Before our eyes and ears: a woman clad only in white panties sings
"Son of a Preacher-Man" (in Quando L'Uomo . . . it's
"Volare" that we hear); screeching heavy metal music blares from
a rock band that includes several electric guitars and an amplified
tuba; brides in wedding dresses bleed from their crotches while
a chorus of men emasculate one another, the castrations represented
by bloody socks over their penises; women pantomime using blood
as rouge and lipstick; actors form human cadavres exquis;
acts of bloodsucking (from women's nipples and other body parts)
and bloodletting transpire, as does Chinese medicinal fire cupping
(to stimulate the circulation, for sexual pleasure, or both?);
actors adopt the sadomasochistic iconography of Saint Sebastian
while the spoken poem muses on the lifegiving (i.e. eucharistic
and vampiristic) qualities of drinking blood; mimed tortures and
mutilations take place that bring to mind not only the Inquisition
but also Titus Andronicus and the Holocaust. In short,
Je suis sang is pure carnival, and fittingly so, since
the performance strives to bid farewell to the flesh, to let blood
transgress the bounds of the body and flow freely, transcendentally,
in absolute catharsis.
Fabre represents this transcendence near
the end of the piece, in a moment when the two récitants
rhythmically incant a litany of more then thirty self-inflicted
incisions.
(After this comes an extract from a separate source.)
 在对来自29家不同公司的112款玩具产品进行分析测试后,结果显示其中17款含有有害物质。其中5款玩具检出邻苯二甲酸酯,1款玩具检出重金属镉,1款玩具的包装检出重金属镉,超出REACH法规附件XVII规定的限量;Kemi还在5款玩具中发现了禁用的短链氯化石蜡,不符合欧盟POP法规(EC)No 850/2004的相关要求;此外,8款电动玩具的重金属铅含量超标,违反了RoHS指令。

This is not a reference to neurotic self-injurious
behavior; the poetic cuts are obviously meant to be mortal wounds:
slashes to the throat, to the arms and legs, to the genitalia.
With
each cut, they describe the opening of a different major vein
or artery, and the woman in black chants the blood vessels' scientific
Latin names in antiphonal response. As vein after vein is verbally
opened, driving home images of blood gushing forth in floods,
the poetic rhythm grows hypnotic, sublime, and strangely hopeful.
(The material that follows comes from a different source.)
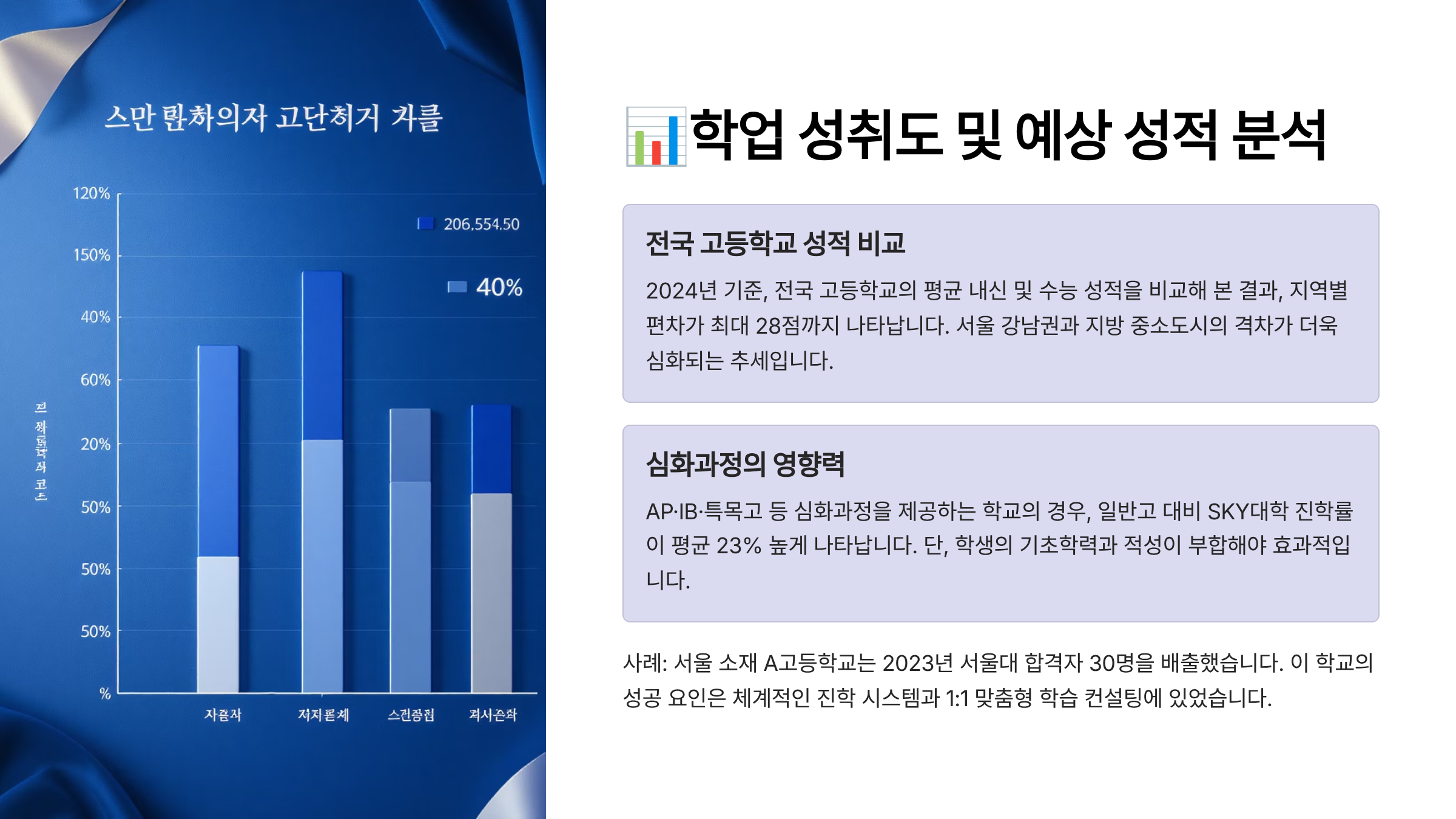 나의 생각으로는 성적만으로 학교를 선택하는 건 위험해요. 성적은 변할 수 있고, 고등학교에서의 성장 가능성도 있거든요. 하지만 현재 실력을 냉정하게 평가하고, 그에 맞는 현실적인 선택을 하는 것이 대입 성공의 첫걸음이랍니다! 📊

The only way to escape the absurd, never-ending calamity of existence,
it seems, is to transform the landscape of the body into a gushing
flood. "In life, two things are certain, and they may actually
be the same," the chorus bellows at us, in English, "we shall
die, and we shall exceed limits."
Je suis sang culminates the only
way a post-cathartic tragedy can--in pure apocalypse and Dionysian
bedlam. The stage is transformed into something like a live version
of Bosch's Hell: amid screaming, goldfish swallowing,
and the deafening wail of electric guitars and explosive tuba
belches, ensemble members don enormous ears (rabbit ears? jackass
ears?) and torture blindfolded brides demonically. White powder--the
dust of civilization?--flies everywhere. The chorus strips nude
and douses itself in Chianti. The satyr-like cherub appears naked,
tarred and feathered. In short, the spectacle confronts its audience
with a vision of complete dystopia, Wagnerian in its overwhelming
totality. The tables are lined up across the stage and tilted
on their sides to form a tall, monolithic wall, not unlike those
of the Cour d'Honneur. The chaos falls silent. Blood oozes out
from behind the wall of tables, finally released and uninhibited,
in a profusion that is every bit as sacred, as spontaneous, and
as disturbing as the stigmata.
This is one of only two moments in the
entire performance when we see liquid blood onstage; the blood
that comes from the Knight's mouth near the beginning is the other.
In both cases, we assume that what we see is mere stage blood,
and that there is never a moment of actual bloodshed. It is interesting,
given Fabre's obsession with the existential realness of the human
body onstage, that he opts for this relative dryness. Perhaps
his greatest accomplishment with Je suis sang is a kind
of reassociation of sensibility: he needs only to invoke the idea
of blood through his hallucinatory poetics and theatrics, and
the sheer thought of it is enough to awaken the experience of
its actual physical presence within us.